In the PU (Table 4), MS-GWCN reaffirms its dominance, achieving 99.56% ± 0.08% OA, 99.39% ± 0.27% AA, and κ: 99.46 ± 0.00, the highest metrics among all methods. It delivers 100.00% ± 0.00% accuracy in critical classes, such as Meadows, Painted Metal Sheets, and Shadows, with near-perfect performance in Asphalt (99.36% ± 0.17%) and Bare Soil (99.98% ± 0.04%). Its minimal standard deviations (e.g., ±0.00 in Shadows) underscore exceptional stability, solidifying its superiority in spectral-spatial feature integration. 3D-CNN ranks second (OA: 99.36% ± 0.01%, AA: 99.47% ± 0.05%, κ(×100): 99.10 ± 0.01), excelling in Painted metal sheets (100.00% ± 0.00%) and Bare Soil (99.93% ± 0.01%). However, it exhibits moderate volatility in Gravel (94.62% ± 1.48%) and Bitumen (97.75% ± 1.76%), revealing sensitivity to spectrally complex surfaces. AMGCFM (OA: 95.62% ± 0.01%, AA: 90.66% ± 0.02%) demonstrates high variability, collapsing in Bare Soil (87.59% ± 3.57%) despite strong results in Gravel (99.02% ± 0.79%) and Self-Blocking Bricks (98.79% ± 0.26%). Its erratic performance (e.g., ±3.57% in Bare Soil) questions its reliability for real-world deployment and suggests caution in its use. MDGCN (OA: 95.68% ± 0.22%, κ(×100): 94.25 ± 0.29) struggles in classes requiring fine-grained discrimination, Severe underperformance in Shadows (81.03% ± 0.49%) and Trees (83.78% ± 1.55%). Moderate accuracy in Asphalt (93.55% ± 0.37%) and Self-Blocking Bricks (94.99% ± 1.33%). DSM-S2GCN ranks last (OA: 92.72% ± 0.76%, κ: 90.50 ± 0.88), with catastrophic failures in Asphalt (82.61% ± 4.23%) and Meadows (93.42% ± 2.12%). Despite achieving perfect scores in Bitumen (100.00% ± 0.00%) and Painted metal sheets (100.00% ± 0.00%), its inability to generalize across classes, such as Gravel (92.12% ± 1.23%), highlights architectural limitations.

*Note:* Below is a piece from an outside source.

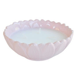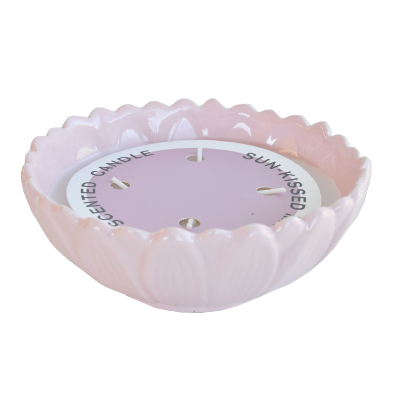 Tuoksukynttilä kukanmuotoisessa keraamisessa kulhossa.

We conduct a qualitative analysis to intuitively demonstrate the classification results and compare the classification performance of different methods. Figures 24 qualitatively illustrate that MS-GWCN consistently produces classification maps that are virtually identical to the ground truth, sharply delineating class boundaries and eliminating the salt-and-pepper noise and mislabeling that afflict competing methods. On IP (Figure 2), MS-GWCN achieves perfect accuracy, even in spectrally confounding regions such as Soybean-mintill, whereas 3D-CNN and MDGCN suffer from scattered misclassifications, and AMGCFM struggles along complex borders. Similarly, on SA (Figure 3), MS-GWCN’s map exhibits the cleanest and most coherent segmentation of field parcels, markedly reducing noise relative to AMGCFM and preserving delicate structures missed by 3D-CNN and MDGCN. Finally, on PU (Figure 4), MS-GWCN captures subtle building-and-road interfaces with unmatched precision and maintains structural integrity in homogeneous areas, outperforming all baselines in spatial consistency. These results demonstrate MS-GWCN’s superior capacity to model intricate spectral–spatial patterns and to generalize robustly across datasets.

To evaluate generalization with limited labels, we reduced IP training samples. With 50% of labels, MS-GWCN still achieved >98% OA (vs. ∼95% for 3D-CNN). With only 10% of labels, MS-GWCN attained ∼90% OA (vs. ∼85% for 3D-CNN). These results highlight MS-GWCN’s sample efficiency and robustness.

3.4 Influence of parameters

To elucidate the contributions of our two principal innovations,multi-scale graph wavelet convolution (MS-GWC) and explicit graph-structure representation. We conducted a focused ablation study. In Section 3.4.1, we modify the number of wavelet scales (i.e., the number of parallel GCNConv branches in each GraphWaveletConv layer) to evaluate how the scale count influences feature richness and classification. In Section 3.4.2, we examine the impact of spatial graph connectivity. The foundational MS-GWCN architecture, training hyperparameters, and data splits remain unchanged throughout each experiment.

3.4.1 Impact of different wavelet-scale counts

Our implementation of GraphWaveletConv(in_channels, out_channels, wavelet_scales = k) establishes k parallel GCNConv layers and synthesizes their outputs, effectively extracting features at k “wavelet” resolutions. To evaluate the optimal number of scales, we trained four variants of MS-GWCN on the hyperspectral dataset, setting wavelet_scales to 3, 5, 6, and 8. All other configurations were constants, including the three-layer GraphWaveletConv stack, hidden dimensions, optimizer, learning rate schedule, and 4-neighborhood graph connectivity. The line plot visualizes the performance of MS-GWCN across different wavelet scales (3, 5, 6, and 8) for the IP, SA, and PU datasets. The plot including the metrics for Overall Accuracy (OA,%), Average Accuracy (AA,%), and the Kappa coefficient (κ, ×100) are presented in Figure 5.

Figure 5
Line graph showing accuracy percentage and Kappa values (multiplied by 100) versus the number of wavelet scales. Data for IP, SA, and PU are represented with blue, green, and red lines respectively, each with three variations: Overall Accuracy (OA), Average Accuracy (AA), and Kappa. Accuracy ranges from 97% to 100%, with variations across different scales.

Figure 5. Performance of MS-GWCN for different Wavelet Scales.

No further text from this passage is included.